____ Supplied data

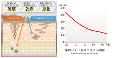 20代後半以降、急激にEGF(肌再生作用)が減ってしまうことが挙げられます。
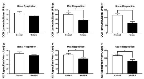 Metabolic alterations of human cardiomyocytes (CM) in the presence of histones: Basal respiration (OCR in pmol/m in/Norm. unit) of human CMs in the presence of 20 µg/mL histones (37 °C, 6 h) (A). Maximal respiratory capacity (OCR in pmol/m in/Norm. unit) of human CMs in the presence of 20 µg/mL histones compared to the control (PBS) (B). Spare respiration (OCR in pmol/m in/Norm. unit) of human CMs in the presence of 20 µg/mL histones (37 °C, 6 h) (C). Basal respiration (D), max respiratory capacity (E) and spare respiration (F) of human CM in the presence of 100 ng/mL HMGB-1. Results are presented as mean SEM, for all experiments n = 6. Results are significant * p < 0.05, statistical analysis with t-test.
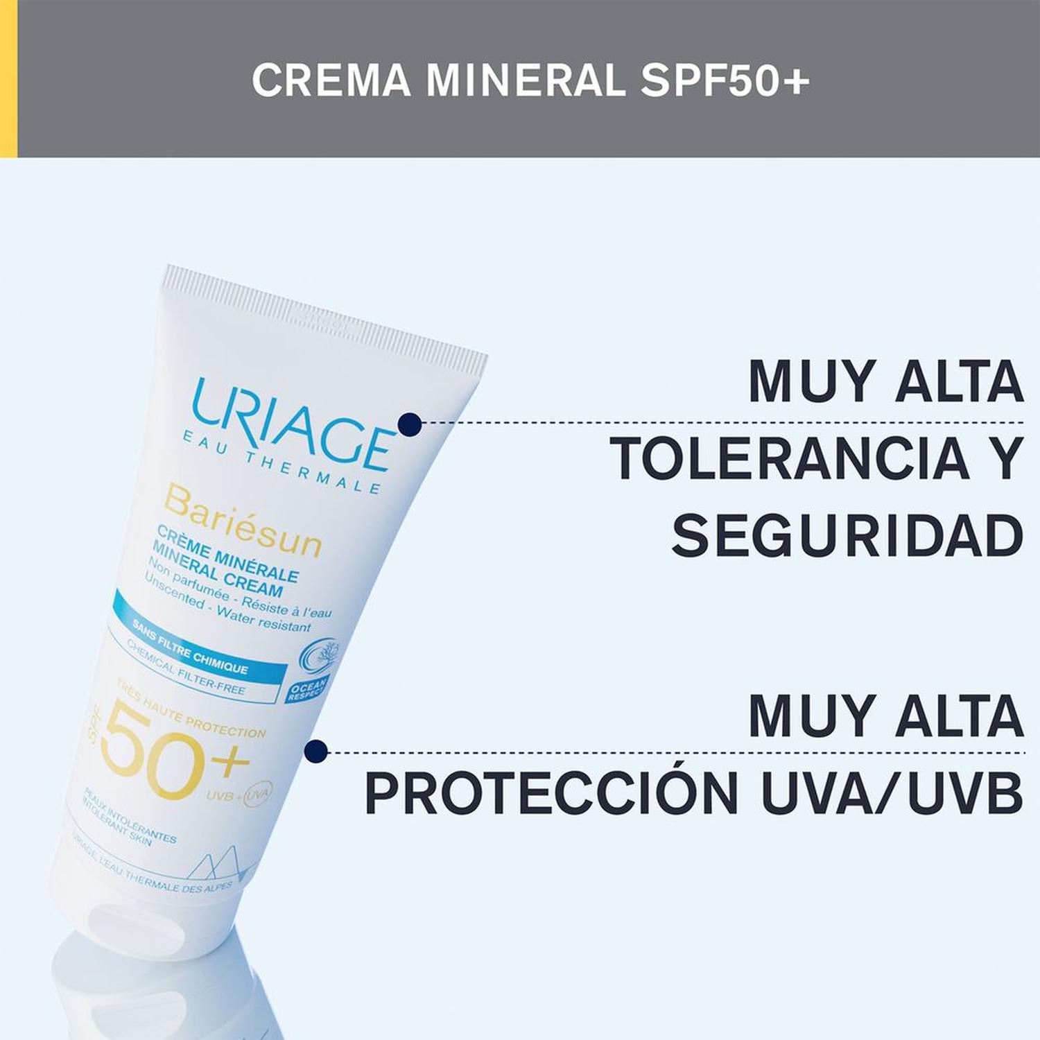 ¡Protección solar de alta tolerancia para toda la familia! URIAGE BARIESUN SPF50+ es una crema solar mineral con filtros 100% minerales (Dióxido de Titanio y Óxido de Zinc) que respeta incluso las pieles más sensibles, atópicas o intolerantes. Su fórmula enriquecida con Agua Termal de Uriage fortalece la barrera cutánea, mientras protege eficazmente contra los rayos UVA, UVB y la luz azul. Ofrece una textura ligera, no grasa, de rápida absorción, resistente al agua y sin dejar desagradable acabado blanco. Hidrata, calma la piel y ayuda a prevenir el fotoenvejecimiento. ¡Tu aliado ideal para una protección segura y confiable bajo el sol!

________

Try it => Drop the pictures, then write out only the lines running from the one containing "Metabolic alterations of" through the last line above, both included, exactly.

Task response =>
 Metabolic alterations of human cardiomyocytes (CM) in the presence of histones: Basal respiration (OCR in pmol/m in/Norm. unit) of human CMs in the presence of 20 µg/mL histones (37 °C, 6 h) (A). Maximal respiratory capacity (OCR in pmol/m in/Norm. unit) of human CMs in the presence of 20 µg/mL histones compared to the control (PBS) (B). Spare respiration (OCR in pmol/m in/Norm. unit) of human CMs in the presence of 20 µg/mL histones (37 °C, 6 h) (C). Basal respiration (D), max respiratory capacity (E) and spare respiration (F) of human CM in the presence of 100 ng/mL HMGB-1. Results are presented as mean SEM, for all experiments n = 6. Results are significant * p < 0.05, statistical analysis with t-test.
 ¡Protección solar de alta tolerancia para toda la familia! URIAGE BARIESUN SPF50+ es una crema solar mineral con filtros 100% minerales (Dióxido de Titanio y Óxido de Zinc) que respeta incluso las pieles más sensibles, atópicas o intolerantes. Su fórmula enriquecida con Agua Termal de Uriage fortalece la barrera cutánea, mientras protege eficazmente contra los rayos UVA, UVB y la luz azul. Ofrece una textura ligera, no grasa, de rápida absorción, resistente al agua y sin dejar desagradable acabado blanco. Hidrata, calma la piel y ayuda a prevenir el fotoenvejecimiento. ¡Tu aliado ideal para una protección segura y confiable bajo el sol!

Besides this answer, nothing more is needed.